回収してくれない不用品とは?

何年か前、古くなったベッドを処分してもらおうと役所に連絡したのですが、「うちでは扱えません」とすげなく答えられてしまいました。
「・・・ったく、使えねぇな」と心の中で悪態をついたものです。
その理由は180cmを超えるものは役所で引き取れない決まりがあったからです。
ちょっと特殊なベッドでしたので、かなり大きいうえに、重さもあって、素人では解体もできないようなシロモノだったため、民間の回収業者に頼み、なんとか引き取ってもらいました。
あまり気づかないことですが、私たちの生活は行政のサービスにずいぶんと助けられています。
燃えるゴミの回収を数日止められるだけでも、街はパニックとなるでしょう。
しかし、いかんせん融通の利かないところがあって、ついつい「お役所仕事かよ!」と文句を言ってしまうわけです。
前述したように、180cm以上の不用品を、役所では引き取ってくれません。
また、よく知られていることですが、テレビ、エアコン、冷蔵庫、洗濯機も回収してくれません。
家電リサイクル法があるからです。
行政が回収する不用品は、廃棄するというものですから、リサイクルしなければならない家電は受け付けていないのです。

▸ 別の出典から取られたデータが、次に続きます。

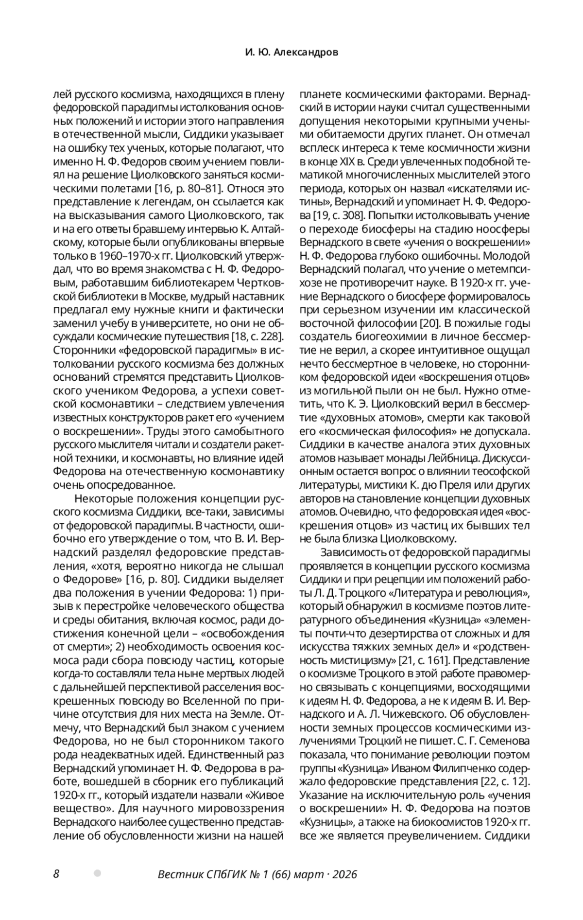 14. Субетто А. И. Русский Космизм в логике становления Ноосферизма в XXI веке // Труды Санкт-Петербургского государственного университета культуры и искусств. Санкт-Петербург, 2014. Т. 204: Живая Этика и Культура: идеи наследия семьи Рерихов в нашей жизни, вып. 2. С. 120-143.

180cm超のものというのは、じつは家にあることは少ないのですが(普通のシングルベッドならだいたい超えません)、テレビや冷蔵庫などの、いわば「家電四天王」みたいな代表的なものを回収してくれないのだから、文句も言いたくなりますよね。
こういった役所が拒否する不用品は、民間回収業者にお願いするしかありません。
民間ですからサービスは役所より充実しています。
指定の場所まで不用品を運ぶ、平日以外は対応してくれない、行政の不用品回収とも違いますから、利用者の都合にも合わせてくれます。
大きなものを運ぶことのできないお年寄りや、休みの日しか動けない人には、嬉しいですね。
もちろん、大型ベッドも家電四天王も引き取ってくれます。
多少、値段は上がるにしても、どんな粗大ゴミでも処理してもらえると思えば微々たるものではないでしょうか。
ただし、民間でも引き受けられないものもあります。
それは産業廃棄物です。
化学薬品や医療品は処理に特殊な能力が必要ですから、無理になります。
一般家庭から出るものとしては、廃油や蛍光灯などが挙げられます。
銃器のような違法なものも当然アウト。
動物の死骸も引き取りません。
そういったことを踏まえつつ、行政と民間を使い分けるのが賢いやり方です。